So now, at 12 weeks, I am at the perilous point of not showing, not feeling anything, and really wondering if all is ok. Evidently this is a normal feeling for everyone who can't feel their baby's tiny movements when it's the size of a plum. I feel guilty wearing my normal jeans and then feel stupid buying any maternity clothes.
I try to stick to my normal diet but yet it is impossible. I'm hungrier and eat more junk food. Then I counter balance it by eating more vegetables and naked juice.
Sometimes I'm exhausted and convinced I am too weak to merely walk to the bus.
Then sometimes I am at normal energy levels, able to stay up to 11:30 PM watching "The Iron Lady".
Sometimes I miss booze and sushi.

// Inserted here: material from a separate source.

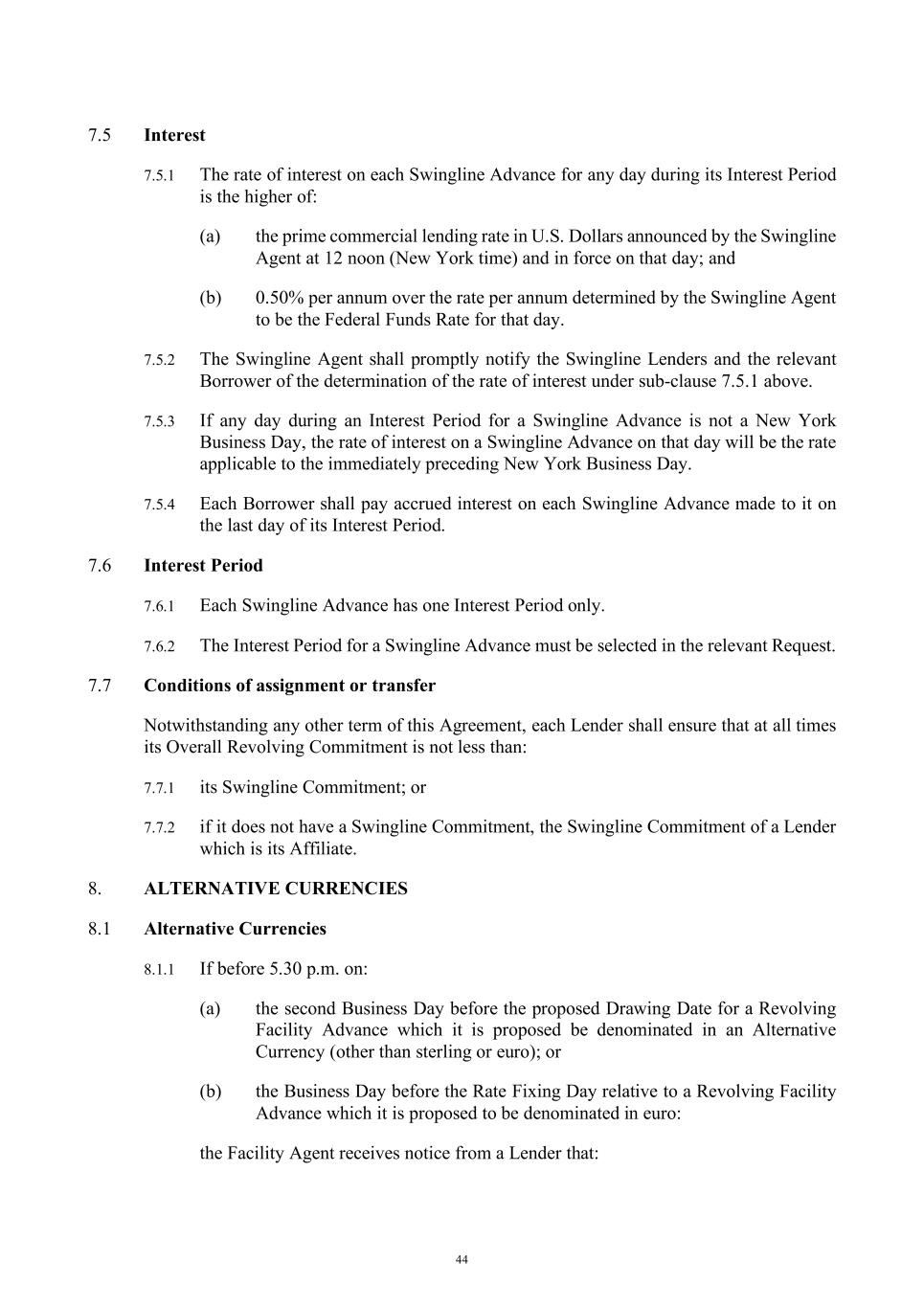 44 7.5 Interest 7.5.1 The rate of interest on each Swingline Advance for any day during its Interest Period is the higher of: (a) the prime commercial lending rate in U.S. Dollars announced by the Swingline Agent at 12 noon (New York time) and in force on that day; and (b) 0.50% per annum over the rate per annum determined by the Swingline Agent to be the Federal Funds Rate for that day. 7.5.2 The Swingline Agent shall promptly notify the Swingline Lenders and the relevant Borrower of the determination of the rate of interest under sub-clause 7.5.1 above. 7.5.3 If any day during an Interest Period for a Swingline Advance is not a New York Business Day, the rate of interest on a Swingline Advance on that day will be the rate applicable to the immediately preceding New York Business Day. 7.5.4 Each Borrower shall pay accrued interest on each Swingline Advance made to it on the last day of its Interest Period. 7.6 Interest Period 7.6.1 Each Swingline Advance has one Interest Period only. 7.6.2 The Interest Period for a Swingline Advance must be selected in the relevant Request. 7.7 Conditions of assignment or transfer Notwithstanding any other term of this Agreement, each Lender shall ensure that at all times its Overall Revolving Commitment is not less than: 7.7.1 its Swingline Commitment; or 7.7.2 if it does not have a Swingline Commitment, the Swingline Commitment of a Lender which is its Affiliate. 8. ALTERNATIVE CURRENCIES 8.1 Alternative Currencies 8.1.1 If before 5.30 p.m. on: (a) the second Business Day before the proposed Drawing Date for a Revolving Facility Advance which it is proposed be denominated in an Alternative Currency (other than sterling or euro); or (b) the Business Day before the Rate Fixing Day relative to a Revolving Facility Advance which it is proposed to be denominated in euro: the Facility Agent receives notice from a Lender that: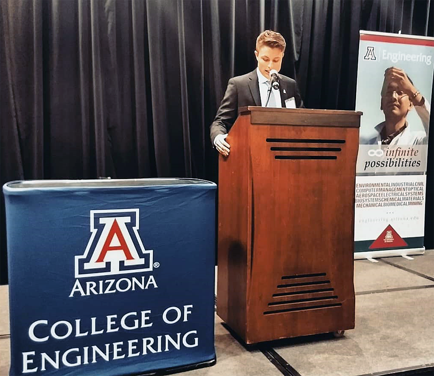 On their Instagram account, the University of Arizona College of Engineering posted the below image of Bailey Bellaire, AZ A 2018, as he provided inspiring remarks during the recent da Vinci Circle annual dinner. Bellaire is a graduating biosystems engineering major and Engineering Ambassador.

Sometimes I eat a california roll anyway and sip and smell the alcohol of my friend's.
Sometimes I wonder if I am pregnant, but of course, I am....I've heard the little heartbeat.
and most of the time I just wonder how awesome it's going to be to have a child, especially after walking by 2 sets of bad parents on the way to redbox and being rewarded with spying a good parent, lifting his child up to see inside the elementary school. "And this is where you'll go, next year", the daddy whispered to his child.
Oh yes, little Zebra, that's where you'll go, too, after I birth you, feed you, bathe you, read to you, snuggle you, change you and adore you so much that I'll be spoiling you rotten.